At OUWB, the importance of nurturing wellness and personal growth has been integrated into the curriculum.  In their first year, students quickly discover that the process of becoming a physician consists of taking care of their own health so that they can take of others.  It is through the PRISM program, which stands for Promoting Reflection and Introspection through Support and Mentoring, that students focus on their wellness.  PRISM provides them with a physician faculty mentor who supports them throughout their four years at OUWB.  The program along with other offerings from the Student Affairs Department, encompasses regular instruction on mindfulness-based stress reduction such as yoga, Tai-Chi and meditation, as well as, guided imagery and nutritional health.

When the opportunity came to practice yoga with Sanford last fall, Voci invited several OUWB students. There, Sanford explained that certain yoga poses can give him that sensation in his legs again despite what science says about never being able to feel these sensations when you’re a paraplegic. Learning this, as well as different ways to heal patients, keeps OUWB student Lauren Lendzion motivated.

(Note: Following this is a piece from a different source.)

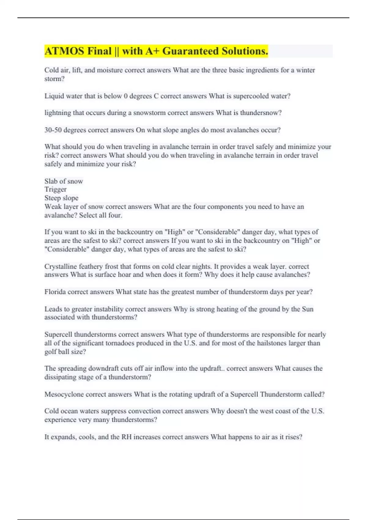 Cold air, lift, and moisture correct answers What are the three basic ingredients for a winter storm? Liquid water that is below 0 degrees C correct answers What is supercooled water? lightning that occurs during a snowstorm correct answers What is thundersnow? 30-50 degrees correct answers On what slope angles do most avalanches occur? What should you do when traveling in avalanche terrain in order travel safely and minimize your risk? correct answers What should you do when traveling in avalanche terrain in order travel safely and minimize your risk? Slab of snow Trigger Steep slope Weak layer of snow correct answers What are the four components you need to have an avalanche? Select all four. If you want to ski in the backcountry on "High" or "Considerable" danger day, what types of areas are the safest to ski? correct answers If you want to ski in the backcountry on "High" or "Considerable" danger day, what types of areas are the safest to ski? Crystalline feathery frost that forms on cold clear nights. It provides a weak layer. correct answers What is surface hoar and when does it form? Why does it help cause avalanches? Florida correct answers What state has the greatest number of thunderstorm days per year? Leads to greater instability correct answers Why is strong heating of the ground by the Sun associated with thunderstorms? Supercell thunderstorms correct answers What type of thunderstorms are responsible for nearly all of the significant tornadoes produced in the U.S. and for most of the hailstones larger than golf ball size? The spreading downdraft cuts off air inflow into the updraft.. correct answers What causes the dissipating stage of a thunderstorm? Mesocyclone correct answers What is the rotating updraft of a Supercell Thunderstorm called? Cold ocean waters suppress convection correct answers Why doesn't the west coast of the U.S. experience very many thunderstorms? It expands, cools, and the RH increases correct answers What happens to air as it rises?

“I appreciate that yoga has physical and mental benefits for patients, and I would be really excited about integrating it into my medical practice some day,” Lendzion explains. “It will make me a more well-rounded physician.”

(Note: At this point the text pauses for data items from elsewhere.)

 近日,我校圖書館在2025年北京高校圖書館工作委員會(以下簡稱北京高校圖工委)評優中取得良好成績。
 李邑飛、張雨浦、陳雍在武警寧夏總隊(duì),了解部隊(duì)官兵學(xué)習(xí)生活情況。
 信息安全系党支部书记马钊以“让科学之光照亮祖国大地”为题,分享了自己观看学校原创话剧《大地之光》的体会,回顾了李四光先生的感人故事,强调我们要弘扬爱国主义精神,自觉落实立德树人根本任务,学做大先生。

Students Ishani Shah, Jessica Dzubnar and Eric RaynaI attended the seminar along with Lendzion; all of them grateful for the chance to hear more about the impact that yoga has on patients who suffer physical and mental trauma. The instructor explained that the yoga classes offered these patients a safe place, described Dzubnar.

“An exercise that we participated in involved listening to the person’s story for three minutes to understand where they’re coming from.  We need to be aware of their vulnerabilities. We need to understand how they feel from the inside,” says Shah. “Integrating various ways of healing is a nice way to care for a person as a whole.”

Reaching medical students on the ground level, ensuring they understand that medicine is more than book knowledge and prescription knowledge, makes all the difference, says Voci, who believes Sanford’s book Waking: A Memoir of Trauma and Transcendence should be required reading for medical students.

Yoga Instructor Mindy Eisenberg, founder of Yoga Moves MS, occasionally trains with Sanford and hosted him on his recent visit. She believes that by integrating yoga principles, patients and doctors can make the mind-body connection and bring the human side back into medicine. In a survey, Eisenberg asked her students what they want that they don’t get from their doctors.

“They all said time. It didn’t have to be a huge amount of time. Five minutes,” she says, adding that too often doctors are looking at their computers or iPads, rather than the patient, in exam rooms. “Patients are more than diagnoses. Physicians should model mind-body principals. There’s a difference between listening and hearing.”

With professors such as Voci to prepare them and a curriculum that explains how to listen to a patient with focused intensity, OUWB students are well on their way to being the compassionate physicians Eisenberg describes.